GIVEN DATA.
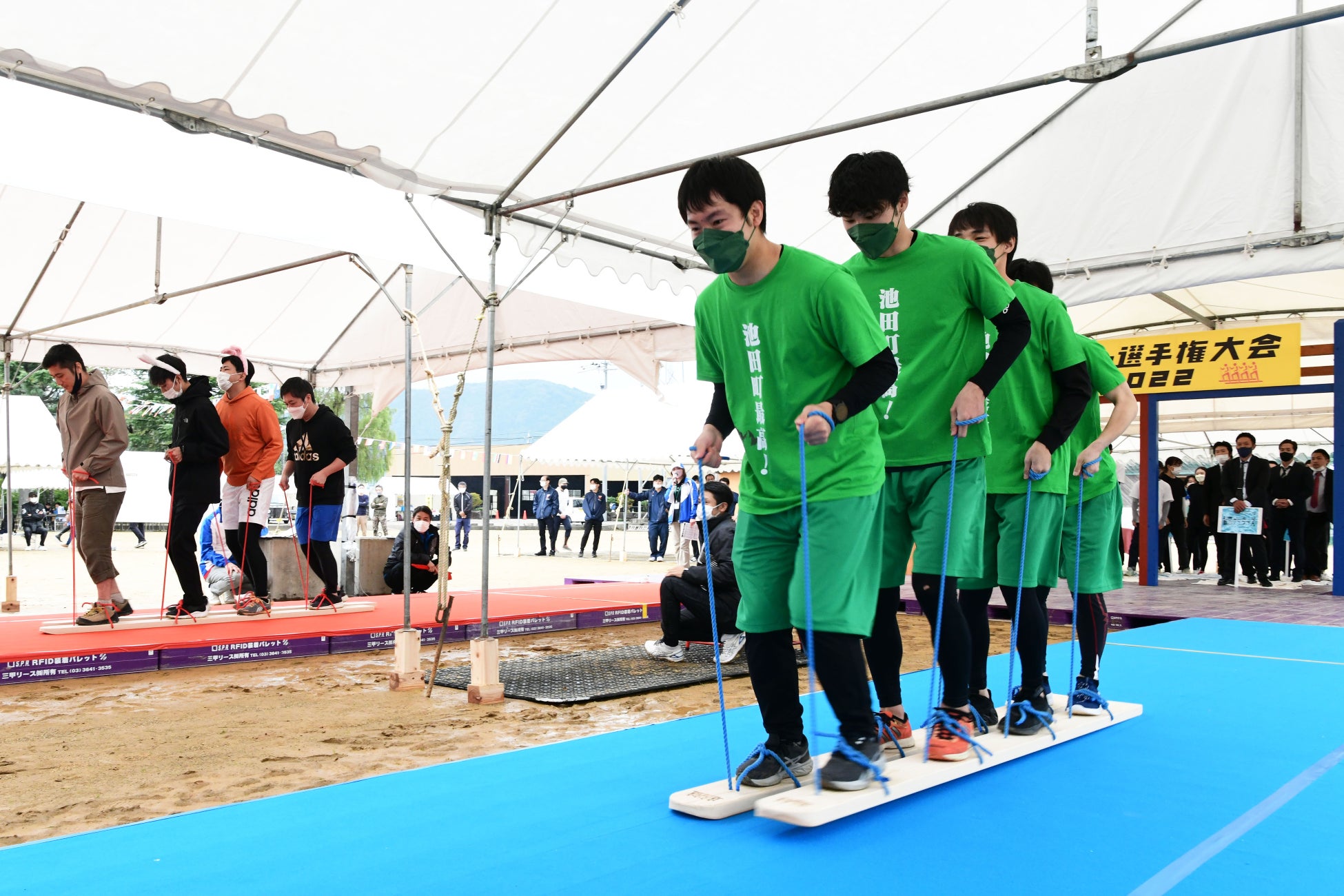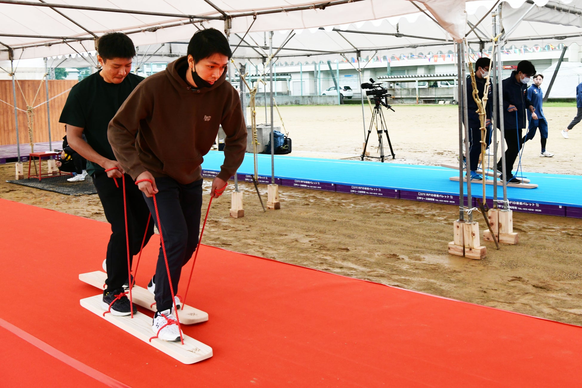 木望の森100年プロジェクトに取り組む中、平成29年に池田町で考案された、木を活かしたスポーツです。ウッドスポーツには「木ッター」「立ッター」「ゲッター」の3種目ありますが、今大会は長い下駄を履き直線コースを駆け抜ける「ゲッター」の選手権を開催。選手同士の協働が勝利へのカギを握る競技です。
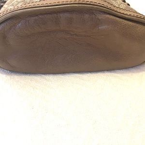 Beautiful extra large shoulder bucket purse. Spacious interior with one large zip pocket and two slip pockets.
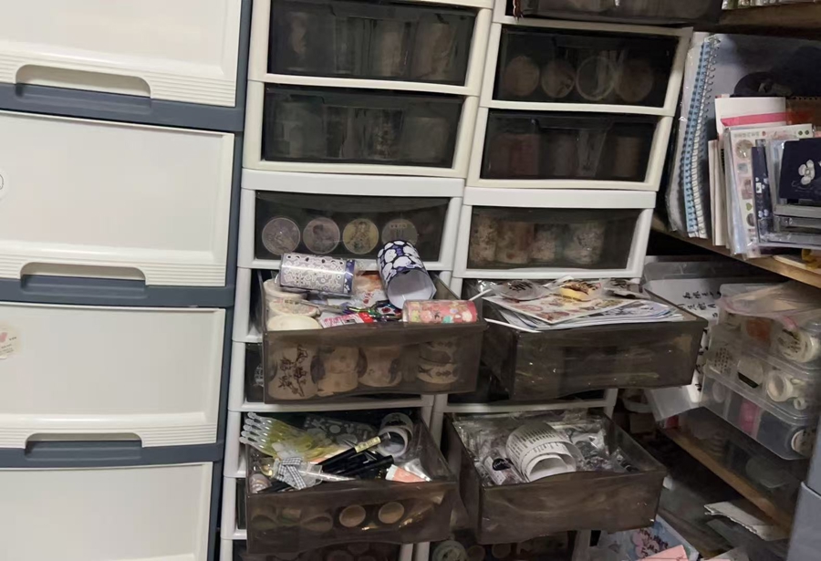 00后上海女孩妮娜2019年掉进了手帐的“坑”。“一开始,阳台有一个角落专门放本子和胶带印章,后来东西实在太多,现在一整面通顶的柜子都放着我的‘战利品’。”
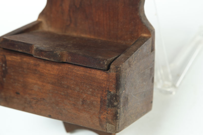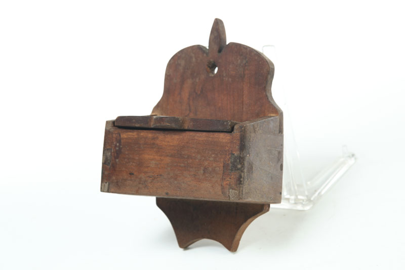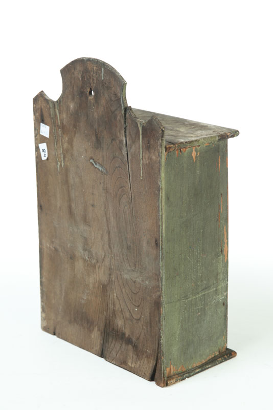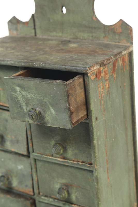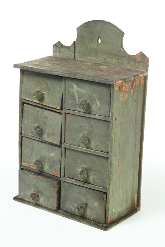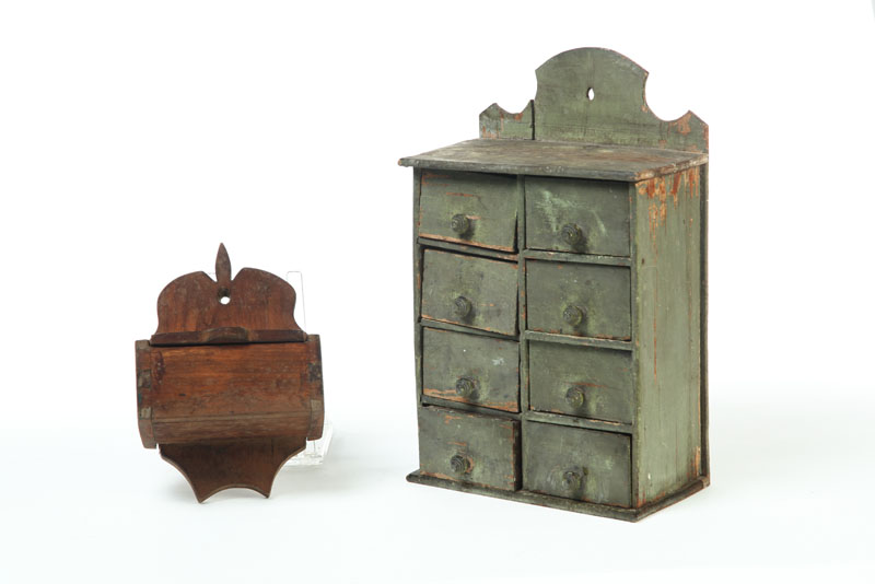 American, 2nd half-19th century. Birch hanging salt box with dovetailed case and shaped crest, 10"h. 9"w., and a pine eight-drawer spice cabinet with wire nailed drawers and worn green paint, 16 1/2"h. 10"w.
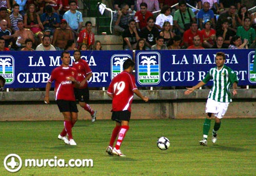 Murcia y Betis dos de los equipos que a priori tendrán que luchar por el ascenso hicieron una previa de lo podrán ser sus partidos de liga ayer noche en la manga, y ante lo visto en un partido carente de gol el Murcia se aproxima mas a lo que uno desearía para su equipo, un bloque, solido atrás, con toque en el mediocentro, bandas con velocidad y delanteros con disparo, ayer sin acierto pero que ilusionan.
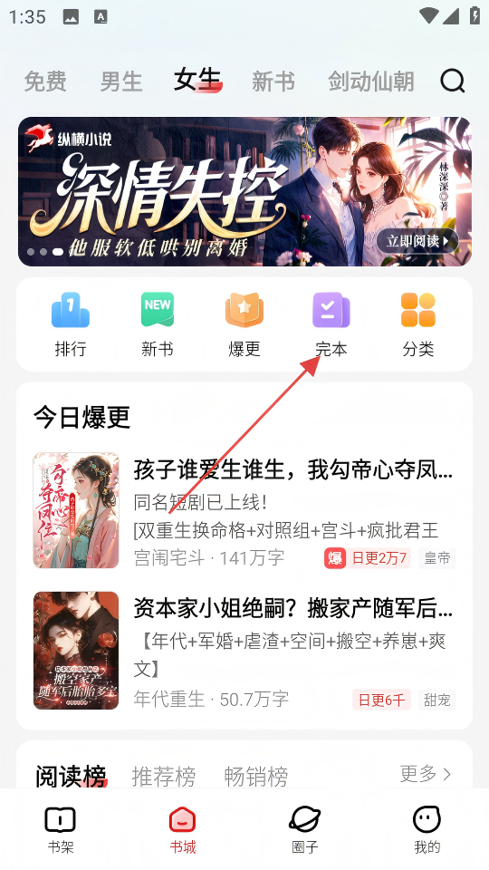 2、在书城页面的女生分类下,点击【完本】选项,进入完本小说列表页面。
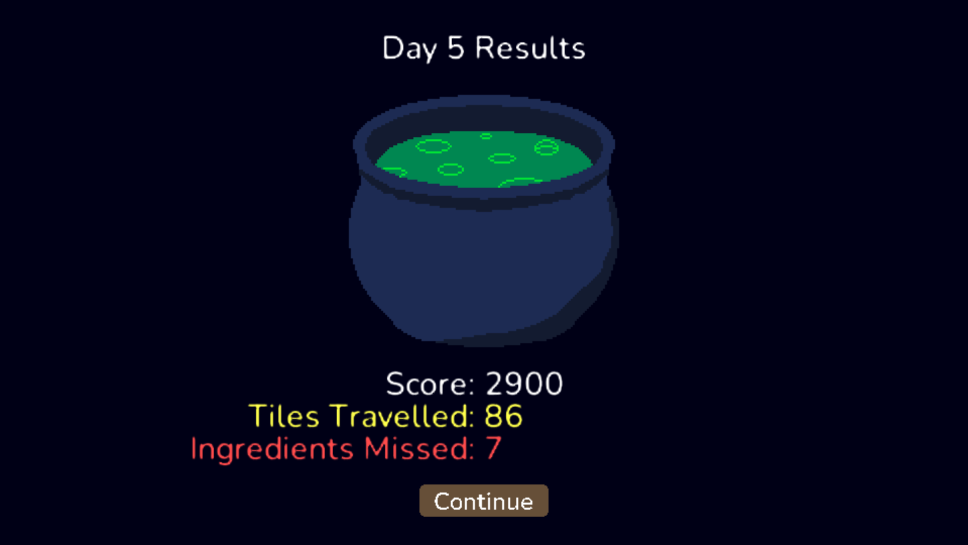 Cool little game! I got 6500 points with 156 tiles traveled and 0 ingredients missed :)

TASK OBJECTIVE.
Once the pictures are set aside, restate the remaining data above exactly.

WRITTEN RESPONSE.
 木望の森100年プロジェクトに取り組む中、平成29年に池田町で考案された、木を活かしたスポーツです。ウッドスポーツには「木ッター」「立ッター」「ゲッター」の3種目ありますが、今大会は長い下駄を履き直線コースを駆け抜ける「ゲッター」の選手権を開催。選手同士の協働が勝利へのカギを握る競技です。
 Beautiful extra large shoulder bucket purse. Spacious interior with one large zip pocket and two slip pockets.
 00后上海女孩妮娜2019年掉进了手帐的“坑”。“一开始,阳台有一个角落专门放本子和胶带印章,后来东西实在太多,现在一整面通顶的柜子都放着我的‘战利品’。”
 American, 2nd half-19th century. Birch hanging salt box with dovetailed case and shaped crest, 10"h. 9"w., and a pine eight-drawer spice cabinet with wire nailed drawers and worn green paint, 16 1/2"h. 10"w.
 Murcia y Betis dos de los equipos que a priori tendrán que luchar por el ascenso hicieron una previa de lo podrán ser sus partidos de liga ayer noche en la manga, y ante lo visto en un partido carente de gol el Murcia se aproxima mas a lo que uno desearía para su equipo, un bloque, solido atrás, con toque en el mediocentro, bandas con velocidad y delanteros con disparo, ayer sin acierto pero que ilusionan.
 2、在书城页面的女生分类下,点击【完本】选项,进入完本小说列表页面。
 Cool little game! I got 6500 points with 156 tiles traveled and 0 ingredients missed :)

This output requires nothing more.